Wartawan tidak boleh serta merta menerima informasi yang diungkapkan oleh narasumber. Khususnya sumber resmi, pemerintah dan lembaga.
Harus mempertanyakan: Benarkah? Seberapa valid?
Selanjutnya, mencari argumennya, data dan fakta pendukungnya, dan menguji kebenarannya. Menelusuri dan mendalaminya, melakukan cek dan ricek ke pihak lain; pihak yang berperkara / bersengketa – untuk mendapat keseimbangan (“cover both side”) dan berimbang (“balance”) serta mencari kepastian dari sumber sumber lain yang kompeten. Para ahlinya.
Dalam kasus Irjen Pol. Ferdy Sambo, petinggi Dewan Pers tersebut langsung menggergaji, memangkas prosedur itu, dan melompati logika : kutip keterangan sumber yang resmi saja! Jangan berspekulasi.
Hanya menulis berita berdasarkan keterangan resmi ?
TAHUKAH ANDA? Jika Anda seorang wartawan dan hanya mengutip keterangan dari sumber resmi, maka otomatis Anda kehilangan jiwa dan jabatan kewartawanan Anda.
Dengan hanya mengutip sumber resmi , Anda turun pangkat menjadi juru tulis dan juru siar. Tukang ‘upload’. Mengikuti apa maunya pembuat dan penyebar ‘press release’ (siaran berita).
Di masa lalu, khususnya di awal 1980-an, siaran pers atau ‘press release’ disebut sebagai lembaran sampah. Hanya layak dilihat sekilas, untuk dibuang ke tong sampah. Jadi bungkus gorengan. Wartawan yang mengandalkan rilis, wartawan kasta terendah dalam rantai produk jurnalistik.
Massa itu isi ‘press release’ hanya berisi berita keberhasilan, khususnya keberhasilan negara, pemerintah dan lembaga swasta yang sering jauh dari kenyataan. Juga cerita program sukses, baik pemerintah maupun swasta. Banyak penipuan, cenderung menyesatkan, angkat telor, puja puji, sehingga dalam hitungan menit jadi tong sampah.
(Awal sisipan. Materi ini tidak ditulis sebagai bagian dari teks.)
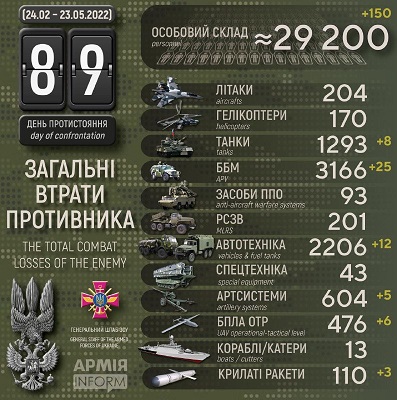 乌克兰国防部在官方推特发文称,自俄罗斯2月24日入侵至5月23日上午6点,俄军已阵亡约2万9200人,乌军摧毁俄军1293辆坦克、3166辆装甲车、604门火炮系统、201辆多管火箭车、93组防空系统、204架军机、170架直升机、2206辆各式车辆&油罐车、13艘舰艇、476架无人机、43个特殊设备以及110枚巡航导弹。

Kini press release sudah disusun lebih baik. Banyak wartawan senior yang memberikan pelatihan kepada humas pemerintah dan swasta yang membuat pers rilis / siaran berita seperti yang diinginkan media.
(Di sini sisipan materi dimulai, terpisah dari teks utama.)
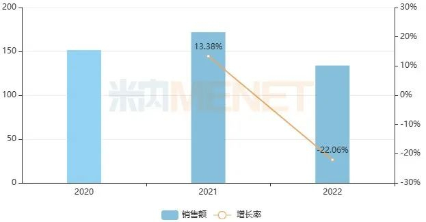 碘美普尔注射液由意大利博莱科研发,属于一种非离子型单体X射线造影剂,用于静脉尿路造影(成人,包括肾脏损害或糖尿病患者)、CT(躯干)、常规血管造影等。数据显示,2021年中国公立医疗机构终端碘美普尔注射液销售规模翻倍,2022年则再度增长21.85%,仅有博莱科1家在销售。

Namun bagaimana pun dalam pers rilis tak ada berita buruk. Kecuali press release yang menyerang pihak lain – biasanya dari LSM – sesuai agendanya.
PATUT DIDUGA, apa yang disampaikan oleh petinggi Dewan Pers bukanlah kekhilafan – “slip of the tounge”. Melainkan kesengajaan. Begitulah pergunjingan di kalangan wartawan senior ibukota, rekan dan sahabat saya: menunjukan dengan kasat mata, Dewan Pers terkooptasi, kena telikung, ditundukkan oleh korps petinggi Polri.
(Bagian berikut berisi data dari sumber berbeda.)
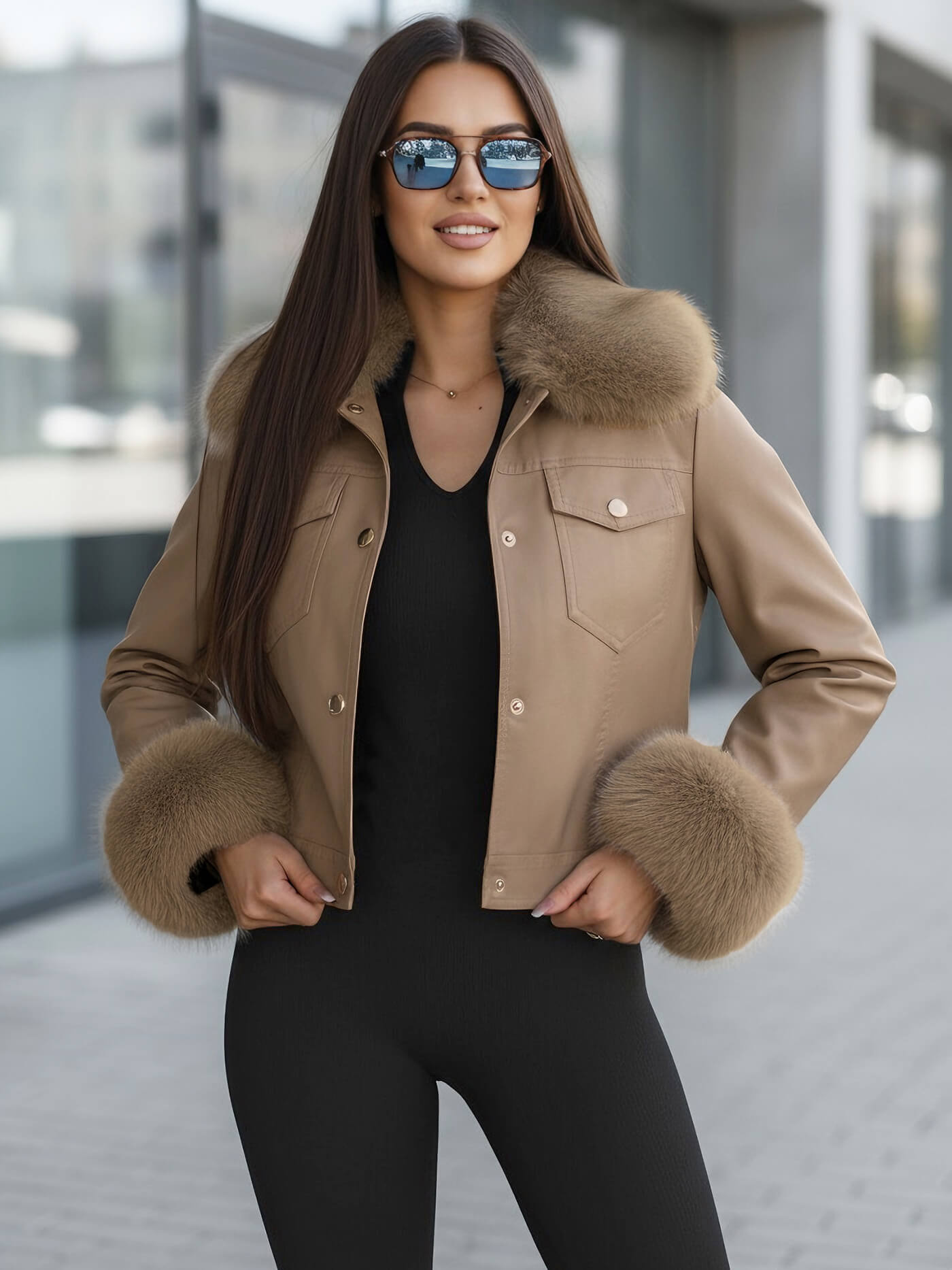 Dámska kožená bunda béžová OZONEE JS/61M8513/84Z

Benteng terakhir para jurnalis dan insan media itu, telah dilemahkan.
Petinggi Dewan Pers, yang seharusnya menjaga marwah mahkamah tertinggi para jurnalis, tega mengamputasi kaki sendiri.
Kini para “wartawan tegak lurus”, yang mempertahankan idealisme jurnalistik, menggugatnya. Membahas serius dan siap melakukan aksi. Penggalangan kekuatan untuk memberikan peringatan, tinjauan dan mengusut skandal ini.
Hal yang lebih mengerikan, lobby pejabat Polri ke petinggi Dewan Pers tak berhenti hanya di Kebon Sirih saja, dimana Dewan Pers berkantor. Melainkan juga dilakukan pihak lain yang terkait.
Sumber anonim yang saya terima mengungkapkan, konglomerat media ternama, yang juga politisi, juga ikut sibuk melakukan pendekatan (lobby) ke para jurnalis senior aliran “tegak lurus” (idealis) untuk meredam kobaran skandal dari rumah Irjen Polri itu.
Diungkapkan pula bahwa Ketua Komisi Pengaduan dan Penegakkan Etika itu merupakan utusan / kaki tangan / kepanjangan kepentingan grup media milik konglomerat itu.
Bisnis sang konglomerat tergantung penjagaan centeng dari aparat. Kini ketika internal aparat bermasalah, mereka dikerahkan sebagai pemadam kebakaran.
Lembaga pers yang berkantor di seberang jalan – hanya sepelemparan batu jaraknya di Kebon Sirih itu – menjadi sasarannya.